# What to produce
The task calls for the lines from the start of the entries below through the line with "Hamster və tam", given again verbatim, with every picture dropped.

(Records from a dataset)
★ ★ ★ ★ ★ ★ ★

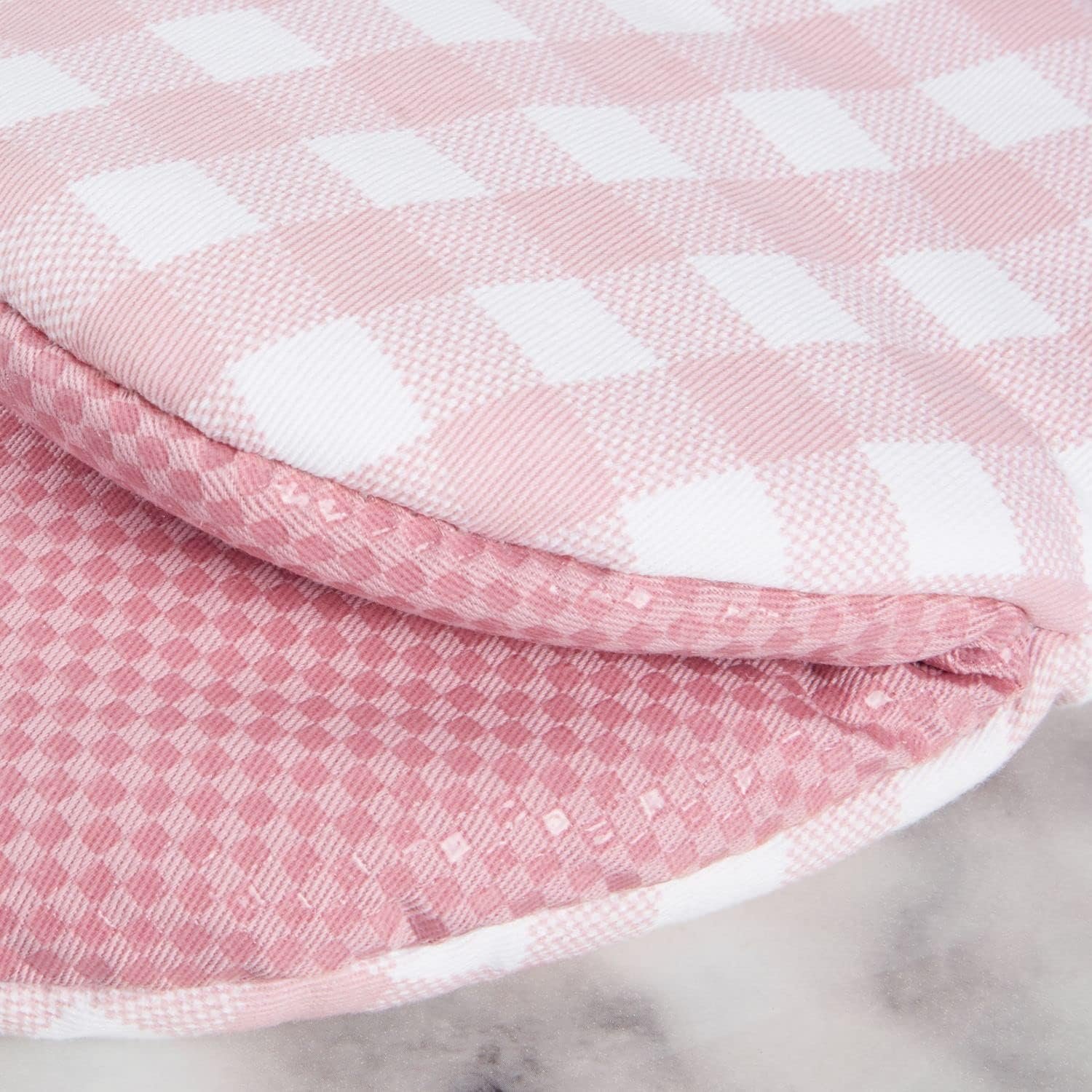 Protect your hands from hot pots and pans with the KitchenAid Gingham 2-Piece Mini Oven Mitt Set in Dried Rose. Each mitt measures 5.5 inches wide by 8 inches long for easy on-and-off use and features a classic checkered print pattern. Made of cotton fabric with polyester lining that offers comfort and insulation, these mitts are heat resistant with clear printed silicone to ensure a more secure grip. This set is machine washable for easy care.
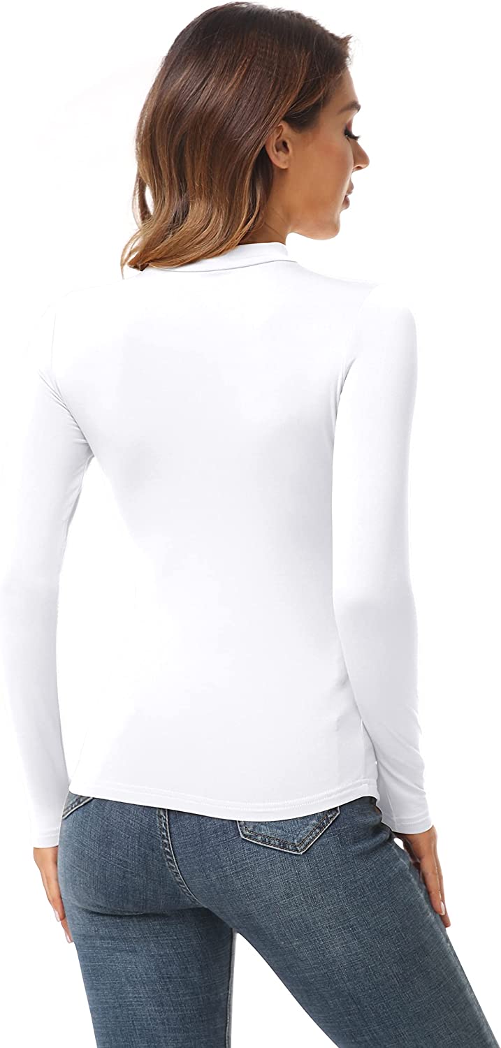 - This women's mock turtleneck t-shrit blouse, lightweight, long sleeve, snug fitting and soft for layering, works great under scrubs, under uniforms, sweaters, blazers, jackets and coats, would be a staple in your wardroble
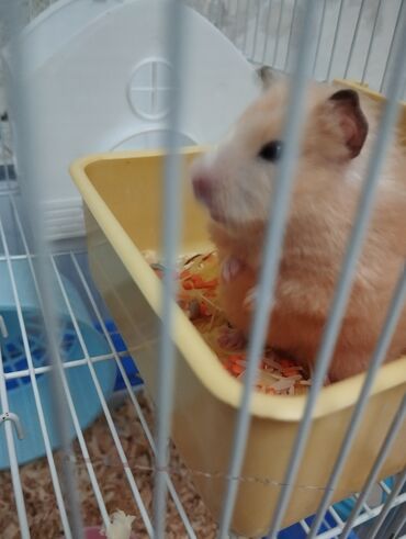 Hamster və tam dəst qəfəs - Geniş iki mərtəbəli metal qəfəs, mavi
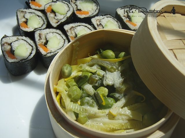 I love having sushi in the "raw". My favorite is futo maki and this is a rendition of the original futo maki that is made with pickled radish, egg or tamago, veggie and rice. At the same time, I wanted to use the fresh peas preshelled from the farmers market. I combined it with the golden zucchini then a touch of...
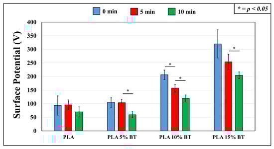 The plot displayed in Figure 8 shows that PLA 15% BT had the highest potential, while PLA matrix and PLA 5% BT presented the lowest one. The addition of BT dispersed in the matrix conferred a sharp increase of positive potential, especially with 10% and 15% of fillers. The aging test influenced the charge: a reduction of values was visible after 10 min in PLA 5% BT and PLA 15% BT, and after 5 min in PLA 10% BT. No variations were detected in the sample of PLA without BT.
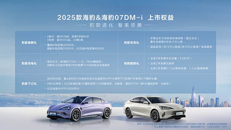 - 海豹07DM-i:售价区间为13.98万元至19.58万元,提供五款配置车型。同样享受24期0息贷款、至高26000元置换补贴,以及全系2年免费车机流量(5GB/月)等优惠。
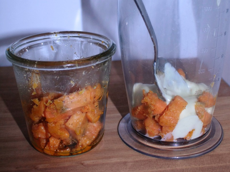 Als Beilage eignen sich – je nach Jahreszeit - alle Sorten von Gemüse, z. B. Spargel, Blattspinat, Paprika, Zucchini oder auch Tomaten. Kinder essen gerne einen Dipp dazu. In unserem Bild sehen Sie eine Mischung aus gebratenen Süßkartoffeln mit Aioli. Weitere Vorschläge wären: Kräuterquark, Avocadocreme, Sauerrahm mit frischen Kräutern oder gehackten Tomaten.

★ ★ ★ ★ ★ ★ ★

# Result below
 Protect your hands from hot pots and pans with the KitchenAid Gingham 2-Piece Mini Oven Mitt Set in Dried Rose. Each mitt measures 5.5 inches wide by 8 inches long for easy on-and-off use and features a classic checkered print pattern. Made of cotton fabric with polyester lining that offers comfort and insulation, these mitts are heat resistant with clear printed silicone to ensure a more secure grip. This set is machine washable for easy care.
 - This women's mock turtleneck t-shrit blouse, lightweight, long sleeve, snug fitting and soft for layering, works great under scrubs, under uniforms, sweaters, blazers, jackets and coats, would be a staple in your wardroble
 Hamster və tam dəst qəfəs - Geniş iki mərtəbəli metal qəfəs, mavi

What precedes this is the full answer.